Incendies et vagues de chaleur : pour Yves Coppieters, il faut "accélérer la transition climatique environnementale, c'est une priorité"

"Il y a un changement des réalités climatiques considérable", estime d'emblée Yves Coppieters qui, outre sa casquette politique, est aussi médecin et épidémiologiste de formation. Il confirme donc avoir été surpris par l'ampleur des événements de cet été. Il rappelle les quinze jours de températures supérieures à 30 degrés et 44 jours au-dessus de 25 degrés. Mais aussi qu'au niveau de la sécheresse, 70% de l'ouest de la Wallonie est en déficit hydrique et 40% à l'est du territoire. Il ajoute que la situation est toujours compliquée pour les agriculteurs malgré les pluies.
"On doit accélérer la transition climatique environnementale, c'est une priorité. Il faut trouver des budgets dédiés pour cette transition, ça c'est aussi une priorité. Et enfin, il faut des solutions à long terme. Il faut des solutions systémiques et qu'on puisse se projeter sur les dizaines d'années à venir pour trouver des solutions", explique le ministre wallon de la Santé et de l'Environnement.
Le risque climatique ne va pas disparaître. Au moment de la première vague de chaleur, Yves Coppieters dénonçait l'absence de coordination fédérale et l'inaction du Premier ministre Bart De Wever. Depuis lors, le constat a changé. Le ministre rappelle néanmoins les défaillances au départ. Tout d'abord, un problème de prise de conscience du risque lors de la première vague de chaleur. "Un risque énorme dans lequel on se trouvait, à la fois pour l'environnement, mais (aussi) pour la santé". Il rappelle d'ailleurs que "la mortalité énorme des 3000 personnes sous les trois vagues de chaleur était tout à fait inattendue."
Il y a aussi eu un problème de coordination au départ entre les différentes structures, lors des premières réunions de crise, reconnait-il.
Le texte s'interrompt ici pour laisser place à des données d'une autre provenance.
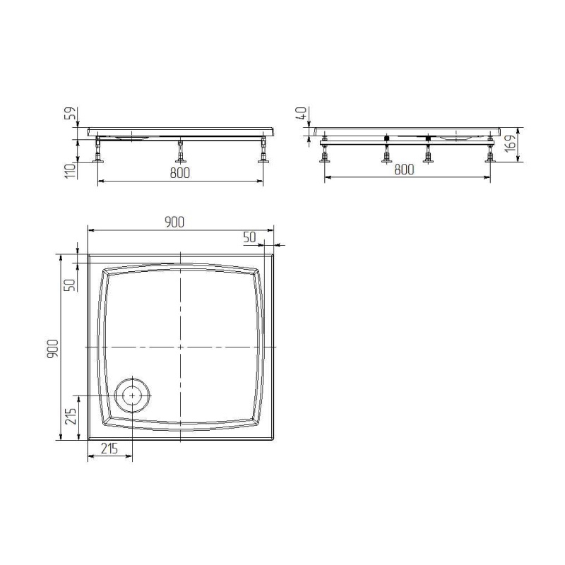 Поддон Универсал Лина, акриловый, 900х900х169 мм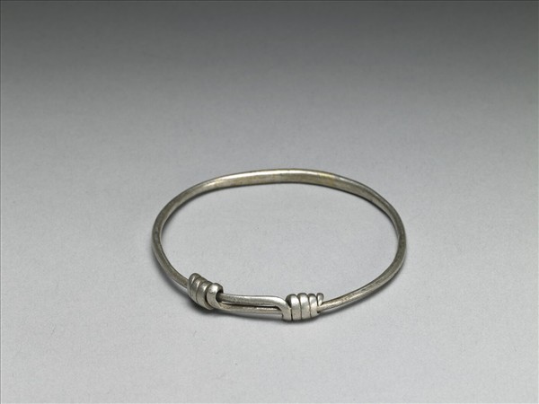 銀銅合金手鐲,整器由兩端較細的金屬條製作而成,外壁光素無紋。兩端拗彎為圓,分別反折旋繞於器身,可作為配戴時固定、調整環徑之用。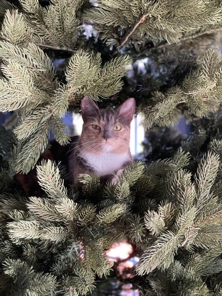 “Только взяли кошку из приюта и это её первая ёлочка, а она уже знает, что с ней делать”

Des structures où les personnes ne se connaissaient pas et n'avaient pas l'habitude de travailler ensemble. "Mais je ne le dénonce pas, parce qu'après les choses se sont vraiment bien mises en place", dit-il ce matin. Ces structures collaborent à présent. "Et c'est vrai que c'est une avancée majeure de cette crise, cette coordination a très bien fonctionné par la suite. Et ces gens se parlent, il y a des protocoles communs maintenant en santé, en environnement, par rapport au pouvoir public". Il note aussi cette volonté d'être plus réactif dans les messages d'alerte à la population, sans oublier des mesures de prévention qui doivent être mises en place.
La volonté est à présent de travailler sur une cartographie permettant d'identifier plus rapidement les zones à risque. Il s'agit aussi de mieux identifier les personnes socialement isolées socialement et d'entrer en contact rapidement avec elles afin de leur délivrer des messages de prévention.
Revoir le système BE-Alert ?
Comment fait-on concrètement pour envoyer un message ou appeler les personnes vulnérables ? La réponse du ministre comporte deux volets. Le premier : "Je pense qu'il faut que le système BE-Alert soit revu". Yves Coppieters souhaite que le système soit "beaucoup plus adaptatif pour que toutes les personnes qui sont présentes sur un territoire soient prévenues par les risques de crise potentielle".
Concernant l'identification des personnes vulnérables, il souligne le travail des CPAS : "On les identifie, on téléphone, on leur donne des conseils et on envoie des personnes à domicile pour, je dirais, accompagner ces personnes."